- The paper introduces a unified one-pass approach that simultaneously handles generation and retrieval in large language models.
- OneGen employs autoregressive retrieval tokens and contrastive learning, achieving notable gains in both QA and entity linking tasks.
- The framework reduces computational costs and simplifies deployment, making it ideal for real-time and low-resource applications.

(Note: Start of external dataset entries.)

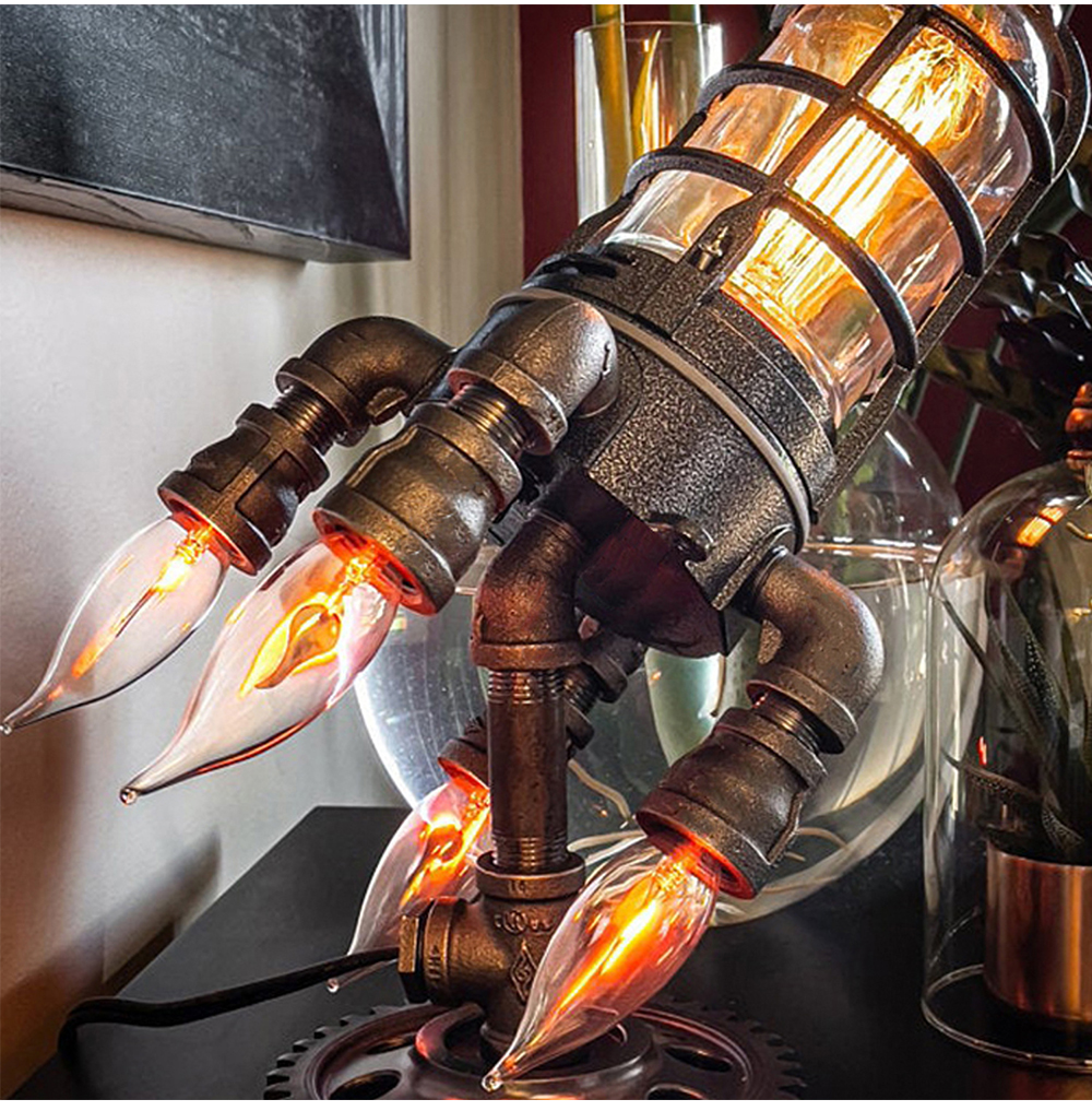 Винтажный Настольный светильник в стиле стимпанк с изображением ракеты, Ночной светильник с пламенем для магазина бара, настольный декор, светильник, светильники, креативные светодиодные стоячие лампы E26
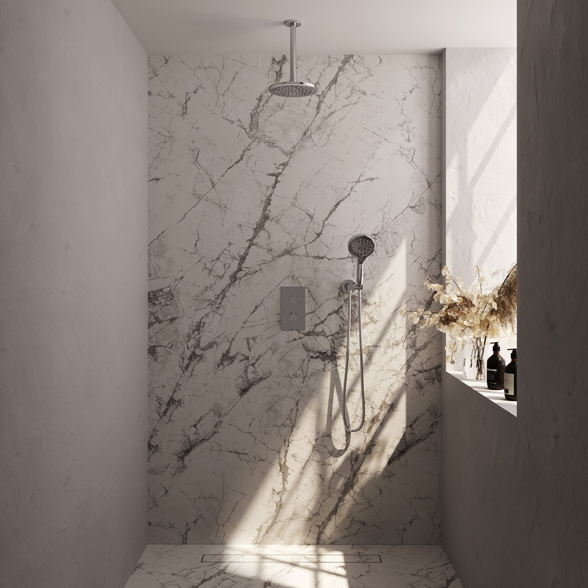 Op zoek naar extra luxe in de badkamer? Kies voor een inbouw regendouche in tijdloos chroom! Een regendouche geeft het gevoel van een zomerse regenbui op de huid, waardoor je compleet ontspant. De Brauer Chrome Edition regendouche is van alle gemakken voorzien: omstel thermostaat, handdouche en regendouche van 20 cm met plafondarm.
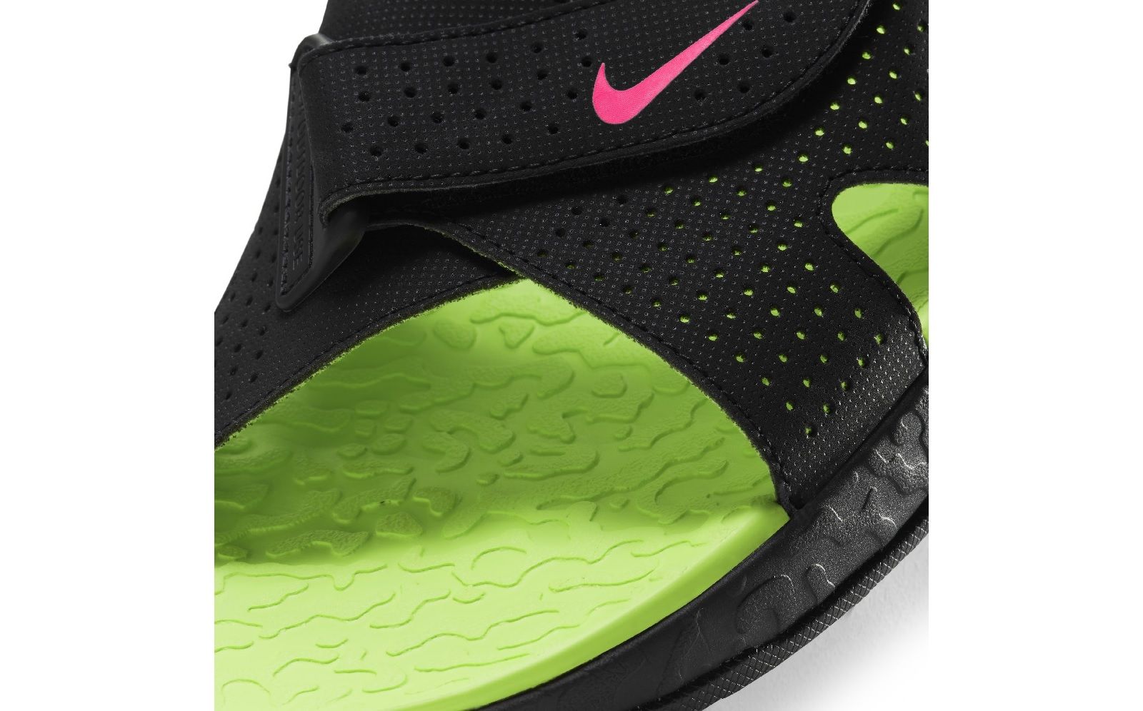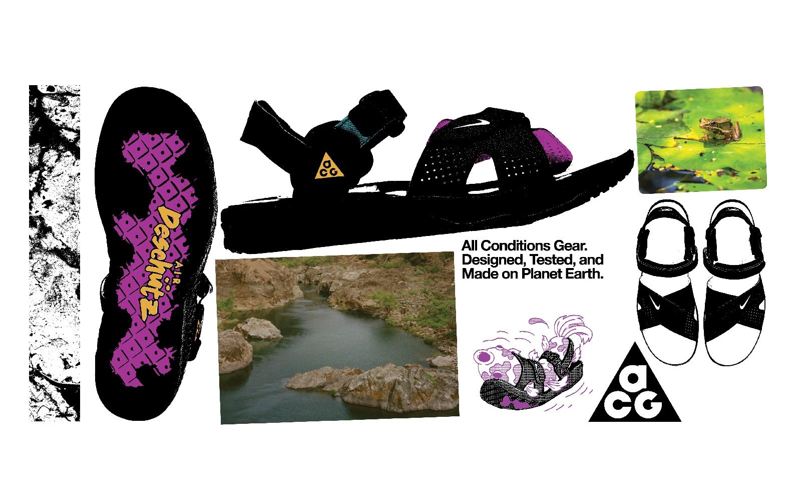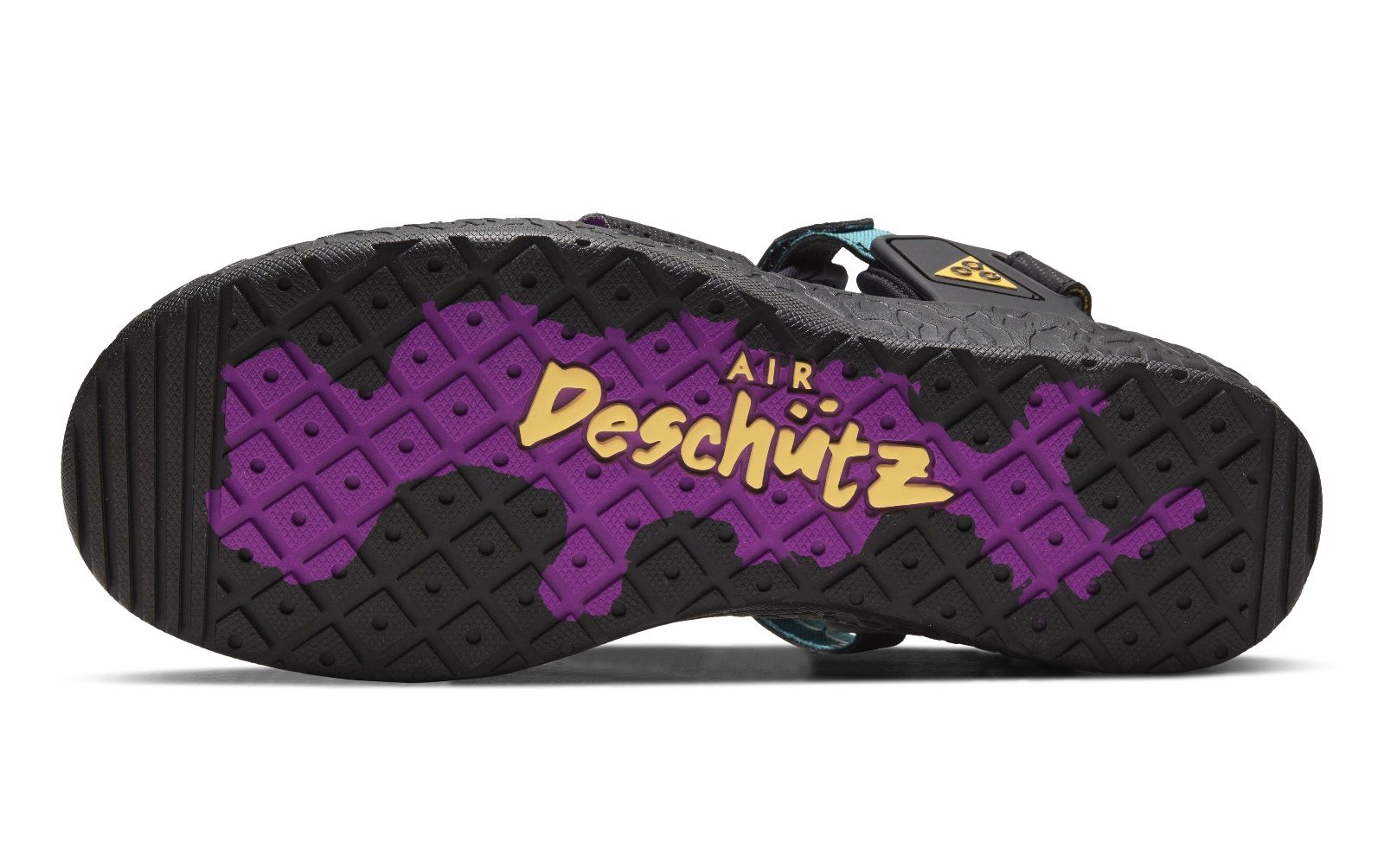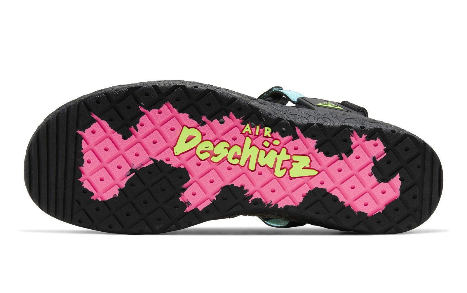 Ora, giusto in tempo per la stagione calda, Nike ripropone l’Air Deschutz nella sua versione OG. Il sandalo è caratterizzato da un motivo ondulato che racchiude l'intero plantare, oltre che da una parte in plastica alla caviglia che incorpora il simbolo di ACG. Sulle cinghie incrociate del piede troviamo il logo Nike mini-swoosh, mentre sul cinturino posteriore la scritta "Nike Air". La parte inferiore della suola richiama i colori della parte superiore ed è completata dalle parole "Air Deschutz".
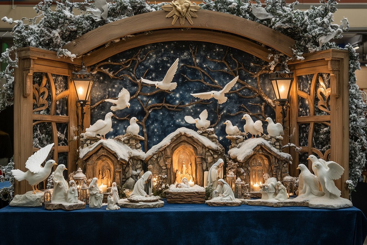 Создано на основе запроса: Christkindlmarkt Booth with Nativity Displays: A serene Christkindlmarkt booth displaying resin nativity scenes and stained-glass pieces on a blue velvet table, lit by candle lanterns. The booth has a wooden arch with white doves, set against a snowy SLC backdrop, using deep navy (#0D47A1) and soft gray (#B0BEC5) tones, creating a sacred holiday atmosphere. --- Автоперевод: Стенд Крайсткиндлмаркта с рождением дисплеев: безмятежная кабинка Christkindlmarkt, демонстрирующая сцены рождества смола и витражные кусочки на синем бархатном столе, освещенном фонарями свечей. Необычно выглядит? 🤔 https://dzen.ru/id/65c0c65c86e4f837c27b24d7 #ИИ #AI #нейросеть #midjourney #art

OneGen: Efficient One-Pass Unified Generation and Retrieval for LLMs
The paper "OneGen: Efficient One-Pass Unified Generation and Retrieval for LLMs" authored by researchers from Zhejiang University and Ant Group, presents an innovative framework—OneGen—for enhancing LLMs with the capability to seamlessly integrate generation and retrieval tasks within a unified forward pass. The paper addresses existing limitations in LLMs' abilities to handle retrieval tasks efficiently when generating contextually accurate and factual responses.
Overview
In contemporary NLP, LLMs are predominantly leveraged for generation tasks across various applications due to their exceptional language generation capabilities. However, such models often stumble with hallucinations and factual inaccuracies stemming from their reliance on implicit, parametric knowledge. Retrieval-Augmented Generation (RAG) stands out as a prominent solution, wherein retrieval enriches the input with relevant passages. Prior works, however, often employ a separate retriever, necessitating multiple forward passes and resulting in increased computational overhead.
The OneGen framework proposed in this paper bridges the traditionally separate training paradigms for generation and retrieval by incorporating autoregressively generated retrieval tokens within a single LLM context. This approach enables a single LLM to manage both tasks simultaneously in a unified forward pass, optimizing both training and inference processes.
Methodology
OneGen introduces retrieval tokens generated in an autoregressive manner, which are used to represent retrieval queries within the same context used for generation. During training, these tokens participate in a specialized training procedure employing contrastive learning for retrieval tasks and LLM objectives for generative tasks. At inference, these retrieval tokens facilitate efficient on-demand retrieval by applying cosine similarity upon token generation, thus integrating the retrieved content seamlessly into the generative context.
Experimental Validation
The proposed framework is validated across two primary types of composite tasks: RAG (including both single-hop and multi-hop QA) and Entity Linking (EL). Experiments illustrate that OneGen outperforms existing state-of-the-art methods in terms of both effectiveness and efficiency. Notably, OneGen achieves:
- A 1.5-point average improvement across four Single-hop QA datasets.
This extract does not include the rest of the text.